How to Cope with Coronavirus
The crisis has rather crept up on us. On me, at any rate. Was it only last weekend I was staying with friends in Sussex? There was a slightly jokey non-shaking of hands, and regular invitations to wash the non-shaken hands throughout the evening. But other than that?
Well, I did get up early next morning to go to church. My host is vicar in a rural parish and was worried he might be spending an hour reading the Gospel to his wife, so I went along to make up the numbers.
No need. At least twenty parishioners turned up, and my friend conducted the service splendidly. The only obvious deviation was that the communion wine was not shared, but my friend drained it for the rest of us.
It was the announcements at the end that signaled the impending changes, starting with warnings that services might be suspended. Then there were plans to keep in touch by all means possible and the offer of help for anyone in need of anything from shopping, the collection of medications to the simple human need for company – even if it was only available on the phone.
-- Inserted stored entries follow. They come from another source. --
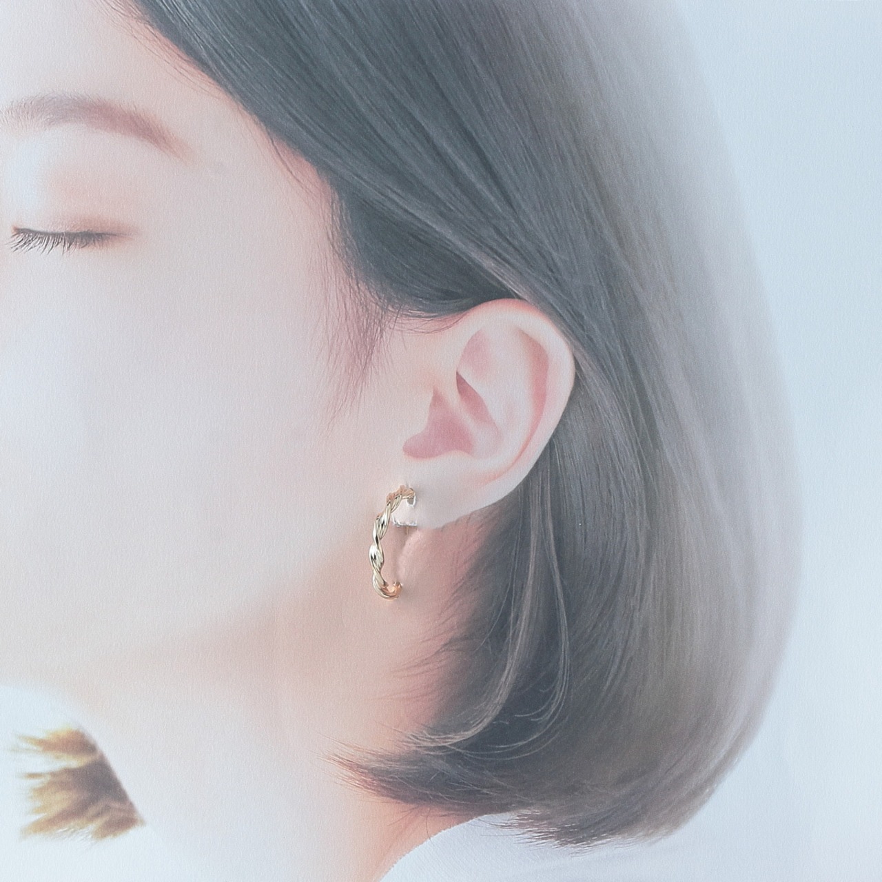 ウノアエレ ツイスト フープ ピアス 750YG 新品仕上げ済 UNOAERRE【24660】
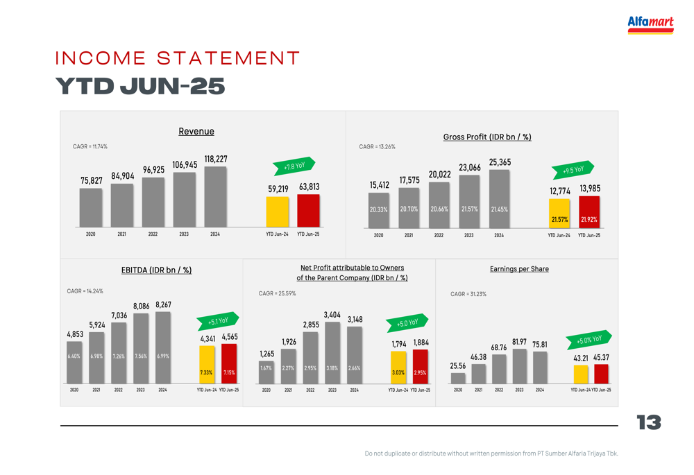 Alfamart reported strong financial results for the first half of 2025, with revenue reaching IDR 63,813 billion, a 7.8% increase compared to IDR 59,219 billion in 1H24. Gross profit grew at an even faster pace, up 9.5% year-over-year to IDR 13,985 billion, with gross profit margin expanding to 21.92% from 21.57% a year earlier.
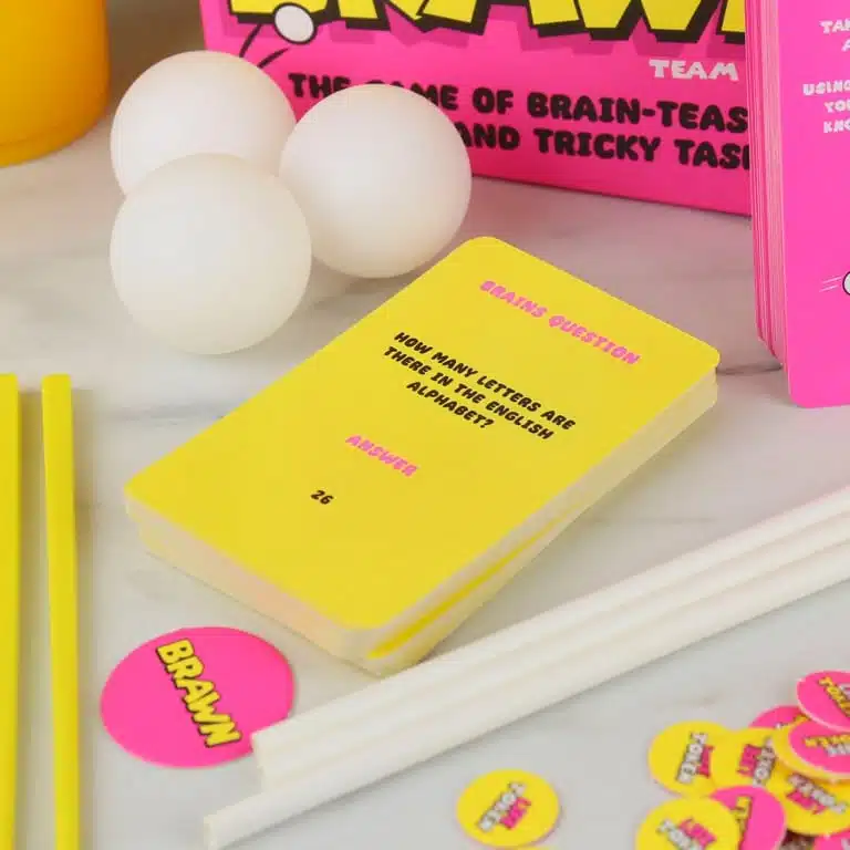Das Brains vs Brawn Spiel von Gift Republic ist das ultimative Partyspiel, bei dem Gehirn und Geschicklichkeit gegeneinander antreten. Beantworte knifflige Wissensfragen oder fรผhre verrรผckte physische Herausforderungen aus. Wer gewinnt: die Schlaukรถpfe oder die Sportlichen? Dieses Spiel enthรคlt Karten mit Fragen und Herausforderungen, Wรผrfel und alles, was du fรผr einen urkomischen Spieleabend brauchst.

I drove home – on a suspiciously empty M25 – but thought no more about it. I had a busy week ahead, starting with a visit to Bristol. But one of the people I wanted to see had a case of the virus in his extended family. Cancelled. Later in the week, I planned to go north to interview a client, only to be told that his business was in lockdown. That trip was also meant to include staying with a friend to
discuss a promising book project. But he is on the NHS board for North Lancashire and was so busy he didn’t even know what day of the week it was.
So here I am, self-isolating in my flat in Wales, with the pubs shut and no live sport in television, just like a huge proportion of thepopulation. How to cope? There’s lots of advice flying around, and those who are suddenly home-schooling their own children are going to need all the help they can get. But I was struck by an article in the Times on Saturday which recommended a positive mind-set. Patrick Kidd said we should follow Winnie in taking an up-beat approach. ‘Not Churchill, but Pooh – the bear of little brain’. Of course, what he should have said was ‘Not ONLY Churchill’, because the great Prime Minister made his philosophy very clear: ‘I am an optimist. It doesn’t seem too much use being anything else.’
It was that mentality that got us through the war; and it will get us through the current crisis. And it’s in that spirit that those with long deferred projects – from refurbishing the bathroom, redesigning the garden, to getting out those dusty notes for that family memoir – should proceed.
Talking of which, I have a box of my mother’s diaries written as a young woman dancing her way through the Liverpool blitz. I should get that down from the top of the wardrobe, and I probably will!